There is so much information available at your fingertips that weren’t there when I started. I had a lot of trial and errors; ask a lot of questions at different BBQ joints and friends who smoked. I also kept a notebook which I would refer to until I got comfortable enough not to need it any more. When I switched to a reverse flow (which I use now) it took a few smokes to get to know my new smoker and figure out the adjustments. I have smoked so much on it I know when to check it to add wood or more charcoal, how much to start with and how quickly it comes up to temp.

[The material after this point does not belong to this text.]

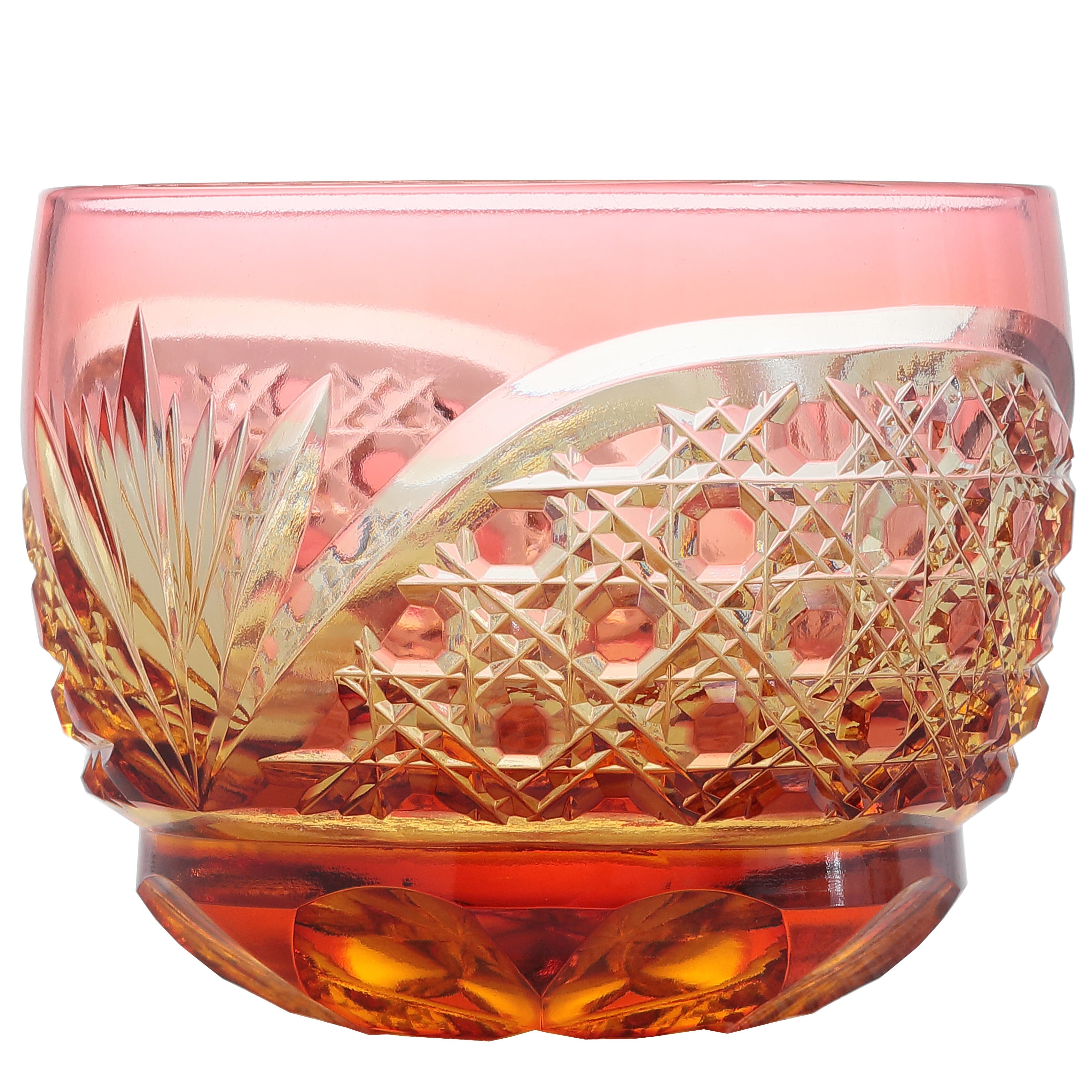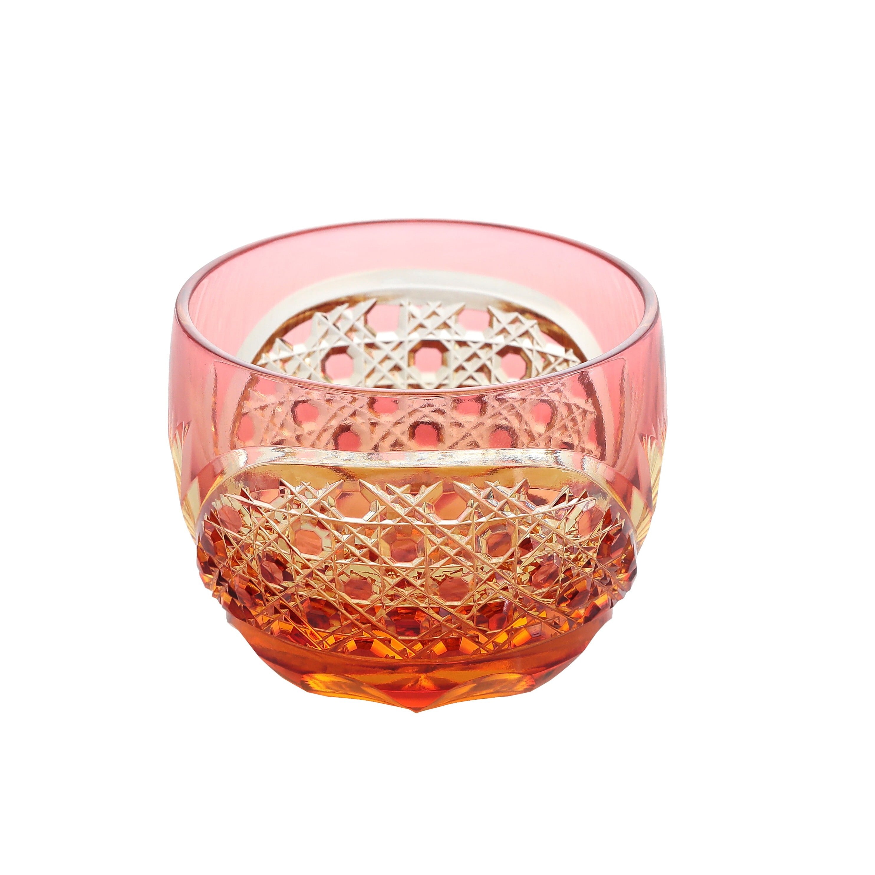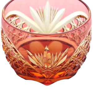 江戸切子 クリスタルぐい呑(琥珀色金赤)琥珀色ピンク

_*No two butts are exactly the same*_, let’s say for example you estimate 1 to 1.5 hours per pound.  A 8 pound brisket can be done in 8 to12 hours during one smoke and the same size brisket takes 16 hours or more the next time. Why?  There are many factors that contribute to the difference; type and breed, diet, age of the animal, amount of exercise, feed, etc.  All these determine the density of the muscle and the amount of fat marbling.  Type of equipment, experience level, temperature, and weather all play a part in how long it will take.

Butts take time, but the time varies, so how do you know when it’s done?

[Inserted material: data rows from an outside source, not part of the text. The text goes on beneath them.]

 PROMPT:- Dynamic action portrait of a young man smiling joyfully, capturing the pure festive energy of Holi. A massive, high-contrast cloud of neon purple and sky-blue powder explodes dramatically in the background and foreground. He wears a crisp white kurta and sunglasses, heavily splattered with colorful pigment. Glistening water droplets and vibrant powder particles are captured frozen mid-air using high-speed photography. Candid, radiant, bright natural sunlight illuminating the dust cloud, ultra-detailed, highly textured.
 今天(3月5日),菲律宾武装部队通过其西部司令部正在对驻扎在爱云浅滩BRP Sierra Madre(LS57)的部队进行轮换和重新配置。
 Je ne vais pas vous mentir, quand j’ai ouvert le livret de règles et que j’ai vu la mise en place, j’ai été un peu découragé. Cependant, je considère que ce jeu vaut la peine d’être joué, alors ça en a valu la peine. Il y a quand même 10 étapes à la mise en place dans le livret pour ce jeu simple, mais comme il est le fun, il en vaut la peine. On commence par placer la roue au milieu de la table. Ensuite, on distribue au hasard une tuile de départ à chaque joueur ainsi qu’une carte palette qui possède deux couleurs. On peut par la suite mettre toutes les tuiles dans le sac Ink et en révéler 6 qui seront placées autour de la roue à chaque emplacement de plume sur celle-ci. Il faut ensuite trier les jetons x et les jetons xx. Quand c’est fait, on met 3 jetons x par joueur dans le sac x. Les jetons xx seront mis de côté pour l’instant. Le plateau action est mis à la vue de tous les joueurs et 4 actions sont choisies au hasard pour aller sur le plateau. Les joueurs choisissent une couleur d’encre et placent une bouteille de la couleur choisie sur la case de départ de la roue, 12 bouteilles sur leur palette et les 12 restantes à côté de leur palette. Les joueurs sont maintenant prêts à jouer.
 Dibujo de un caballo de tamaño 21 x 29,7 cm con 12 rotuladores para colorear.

There are several methods you can use. One way especially for the beginner is use a thermometer. Also get a hold of the blade bone and wiggle it, If it is done it will slide right out. The internal temp is usually around 205 ° Butts generally fatty enough that they don’t dry out. I usually let my Butt rest for about 30 min or longer to redistribute the juices. Or you can just pull it in a pan capturing all the juice.

*Most of my smoking is done at 225 º *  Some people smoke at higher temps. The 225 º just seems to work best for me.

   

I am hoping this helps and not confuses anyone, Smoking a Pork Butt is not rocket science but you need to pay attention to the basics and you will have great smoke.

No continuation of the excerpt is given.